There's two major approaches to handling this - one is to read in a nonblocking fashion from your file descriptors, using something like IO::Select
and can_read
- then you test which of your sockets has pending IO, process it and repeat.
From the docs:
use IO::Select;
use IO::Socket;
$lsn = IO::Socket::INET->new( Listen => 1, LocalPort => 8080 );
$sel = IO::Select->new($lsn);
while ( @ready = $sel->can_read ) {
foreach $fh (@ready) {
if ( $fh == $lsn ) {
# Create a new socket
$new = $lsn->accept;
$sel->add($new);
}
else {
# Process socket
# Maybe we have finished with the socket
$sel->remove($fh);
$fh->close;
}
}
}
Or you can multiprocess using threads
or forks
- when you do this, you 'split' your process, and run separate instances, each responsible for a single client.
Which of these approaches you take depends very much on what you're trying to accomplish. fork
is especially good for fast efficient start up, because it's implemented natively on POSIX operating systems. However it's not as friendly for doing interprocess communication (IPC) so if your clients need to communicate... personally, I wouldn't.
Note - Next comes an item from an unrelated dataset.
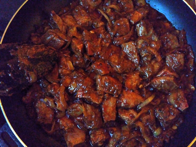 По названию можно догадаться, что это блюдо индийской кухни. Готовится довольно просто, но более-менее долго — часа полтора. Как и виндалу, это блюдо можно готовить с использованием любого мяса или птицы. И с остротой тоже можно поиграться — сделать совсем не острым, либо наоборот, соорудить экстремальную острятину, как вышеупомянутое виндалу. Я, разумеется, перца не пожалел. Для приготовления нам понадобится: Мякоть говядины — 500 гр Лук — 1 луковица среднего размера Чеснок — 2-3 зубчика Имбирь — 15 гр Помидоры нарезанные в собственном соку — 1 банка (400 гр) Кориандр молотый — 1 ч.л. Тмин молотый — 1 ч.л. Куркума — 1 ч.л. Перец черный молотый — 1 ч.л. Лимонный сок — 2 ст.л. Перец чили — по вкусу Соль — по вкусу Растительное масло Мясо режем на кубики по 2-3 см, лук полукольцами. Чеснок с имбирем натираем на самой мелкой терке и кладем в какую-нибудь мисочку. В эту же мисочку закидываем все приправы и лимонный сок, хорошенько перемешиваем все это дело. В сотейнике или большой сковоро

As noted in the comments - some basic forking code can be found in perlipc
Threading is similar to forking - it's not recommended by the perl documentation, because it's not lightweight. But it does make the process of communicating between your threads quite a bit easier. I would suggest if you do this, you look at threads
, threads::shared
and Thread::Queue
.
Using a non blocking read approach means you can potentially do all this without having to fork or thread at all, but it only really works if you're doing 'little' things each iteration - each incoming client will stall whilst you process the next, which can mean more latency. (This may not matter though).